Abstract
SARM1 is a key regulator of a conserved program of axon degeneration increasingly linked to human neurodegenerative diseases. Pathological SARM1 activation causes rapid NAD consumption, disrupting cellular homeostasis and leading to axon degeneration. In this study, we develop antisense oligonucleotides targeting human SARM1, demonstrating robust neuroprotection against morphological, metabolic, and mitochondrial impairment in human iPSC-derived dopamine neurons induced by the lethal neurotoxin vacor, a potent SARM1 activator. Furthermore, our findings reveal that axon fragmentation can be prevented, and mitochondrial dysfunction reversed using the NAD precursor nicotinamide, a form of vitamin B3, even after SARM1 activation has occurred, when neurons are already unhealthy. This research identifies ASOs as a promising therapeutic strategy to block SARM1, and provides an extensive characterisation and further mechanistic insights that demonstrate the reversibility of SARM1 toxicity in human neurons. It also identifies the SARM1 activator vacor as a specific and reversible neuroablative agent in human neurons.

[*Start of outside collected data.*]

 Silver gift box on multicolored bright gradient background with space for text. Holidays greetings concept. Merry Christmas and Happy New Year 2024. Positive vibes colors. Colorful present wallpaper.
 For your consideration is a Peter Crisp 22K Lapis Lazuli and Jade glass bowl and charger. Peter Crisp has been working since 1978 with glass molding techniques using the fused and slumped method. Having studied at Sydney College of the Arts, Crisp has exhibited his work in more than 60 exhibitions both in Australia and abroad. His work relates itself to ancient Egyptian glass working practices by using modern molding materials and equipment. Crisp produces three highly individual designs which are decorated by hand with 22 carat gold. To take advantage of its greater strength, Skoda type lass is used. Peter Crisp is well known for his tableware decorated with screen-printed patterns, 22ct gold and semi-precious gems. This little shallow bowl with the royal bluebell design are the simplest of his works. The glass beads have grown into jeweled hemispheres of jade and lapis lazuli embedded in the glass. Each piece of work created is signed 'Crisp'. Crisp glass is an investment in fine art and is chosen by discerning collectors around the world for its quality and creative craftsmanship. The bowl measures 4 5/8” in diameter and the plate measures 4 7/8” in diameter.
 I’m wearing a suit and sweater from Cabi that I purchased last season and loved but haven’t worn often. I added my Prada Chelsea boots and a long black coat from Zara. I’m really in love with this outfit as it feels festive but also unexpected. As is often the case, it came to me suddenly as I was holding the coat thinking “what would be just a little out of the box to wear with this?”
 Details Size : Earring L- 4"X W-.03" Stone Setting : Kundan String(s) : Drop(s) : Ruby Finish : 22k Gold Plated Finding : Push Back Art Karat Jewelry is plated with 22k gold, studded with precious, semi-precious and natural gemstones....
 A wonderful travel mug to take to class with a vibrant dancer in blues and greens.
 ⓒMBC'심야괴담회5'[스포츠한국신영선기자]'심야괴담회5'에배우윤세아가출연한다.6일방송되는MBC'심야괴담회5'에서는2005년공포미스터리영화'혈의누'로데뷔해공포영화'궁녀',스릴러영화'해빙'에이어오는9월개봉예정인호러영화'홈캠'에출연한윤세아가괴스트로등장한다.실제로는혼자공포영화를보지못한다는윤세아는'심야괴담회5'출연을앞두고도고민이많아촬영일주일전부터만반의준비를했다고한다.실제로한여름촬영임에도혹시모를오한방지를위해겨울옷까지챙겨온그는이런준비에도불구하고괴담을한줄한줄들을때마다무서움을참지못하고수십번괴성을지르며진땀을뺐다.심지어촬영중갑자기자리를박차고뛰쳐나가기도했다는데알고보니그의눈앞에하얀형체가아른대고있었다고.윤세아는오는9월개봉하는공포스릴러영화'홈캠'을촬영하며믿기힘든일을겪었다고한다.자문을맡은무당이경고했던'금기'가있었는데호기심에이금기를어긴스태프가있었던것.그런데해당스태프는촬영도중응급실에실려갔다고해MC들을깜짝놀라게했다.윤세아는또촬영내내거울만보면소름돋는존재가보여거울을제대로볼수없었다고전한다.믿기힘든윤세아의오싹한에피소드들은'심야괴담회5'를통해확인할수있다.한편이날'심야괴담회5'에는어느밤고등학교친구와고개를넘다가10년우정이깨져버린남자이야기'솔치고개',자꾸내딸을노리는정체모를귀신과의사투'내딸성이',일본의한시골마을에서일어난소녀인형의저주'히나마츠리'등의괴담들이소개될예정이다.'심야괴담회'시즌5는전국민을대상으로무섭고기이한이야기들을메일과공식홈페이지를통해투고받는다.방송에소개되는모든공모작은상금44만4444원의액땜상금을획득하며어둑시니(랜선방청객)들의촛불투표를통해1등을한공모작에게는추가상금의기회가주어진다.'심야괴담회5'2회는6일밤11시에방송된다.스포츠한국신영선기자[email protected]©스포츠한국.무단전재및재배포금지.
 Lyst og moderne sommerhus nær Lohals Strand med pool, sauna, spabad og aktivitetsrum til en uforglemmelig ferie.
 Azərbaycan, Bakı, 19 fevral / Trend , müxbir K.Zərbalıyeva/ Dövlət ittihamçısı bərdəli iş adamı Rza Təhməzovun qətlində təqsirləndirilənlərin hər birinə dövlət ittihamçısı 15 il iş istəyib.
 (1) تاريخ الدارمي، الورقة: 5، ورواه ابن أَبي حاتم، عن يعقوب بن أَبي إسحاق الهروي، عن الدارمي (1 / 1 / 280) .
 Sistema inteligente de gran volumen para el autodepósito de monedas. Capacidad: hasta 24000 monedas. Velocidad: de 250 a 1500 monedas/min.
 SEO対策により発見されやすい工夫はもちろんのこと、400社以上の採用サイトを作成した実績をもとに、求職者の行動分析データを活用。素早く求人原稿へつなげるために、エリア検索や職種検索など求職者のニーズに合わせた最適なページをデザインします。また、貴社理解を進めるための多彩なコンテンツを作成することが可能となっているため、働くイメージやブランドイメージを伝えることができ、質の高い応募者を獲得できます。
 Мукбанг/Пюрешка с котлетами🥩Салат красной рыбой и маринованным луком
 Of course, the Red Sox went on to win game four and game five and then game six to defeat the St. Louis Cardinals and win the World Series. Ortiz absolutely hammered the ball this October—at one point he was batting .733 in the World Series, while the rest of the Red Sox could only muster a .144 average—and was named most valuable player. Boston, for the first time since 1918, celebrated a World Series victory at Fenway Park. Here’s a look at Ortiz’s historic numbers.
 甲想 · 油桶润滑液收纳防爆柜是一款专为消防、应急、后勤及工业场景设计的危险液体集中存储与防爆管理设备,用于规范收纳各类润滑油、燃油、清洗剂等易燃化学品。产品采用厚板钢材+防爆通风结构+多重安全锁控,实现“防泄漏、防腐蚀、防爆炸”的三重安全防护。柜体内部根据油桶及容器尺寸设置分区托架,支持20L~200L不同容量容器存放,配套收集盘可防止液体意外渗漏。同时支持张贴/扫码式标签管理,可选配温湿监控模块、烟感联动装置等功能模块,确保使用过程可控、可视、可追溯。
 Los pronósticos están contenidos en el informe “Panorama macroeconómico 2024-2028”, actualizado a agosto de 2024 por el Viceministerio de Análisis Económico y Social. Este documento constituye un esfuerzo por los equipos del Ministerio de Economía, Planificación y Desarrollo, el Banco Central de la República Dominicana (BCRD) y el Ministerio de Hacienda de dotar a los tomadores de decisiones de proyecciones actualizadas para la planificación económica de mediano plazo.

Competing Interest Statement
MPC consults for Nura Bio and Drishti Discoveries and the Coleman group is part funded by AstraZeneca for academic research projects but none of these activities relate to the study reported here. DLB has consulted for AstraZeneca and Lilly on behalf of Oxford University Innovation and received research grants from AstraZeneca and Lilly but none of these activities relate to these studies. HTZ is a full-time employee and stock holder of Ionis Pharmaceuticals, Inc. AL and PA-F are inventors on a patent application related to the subject matter of the publication.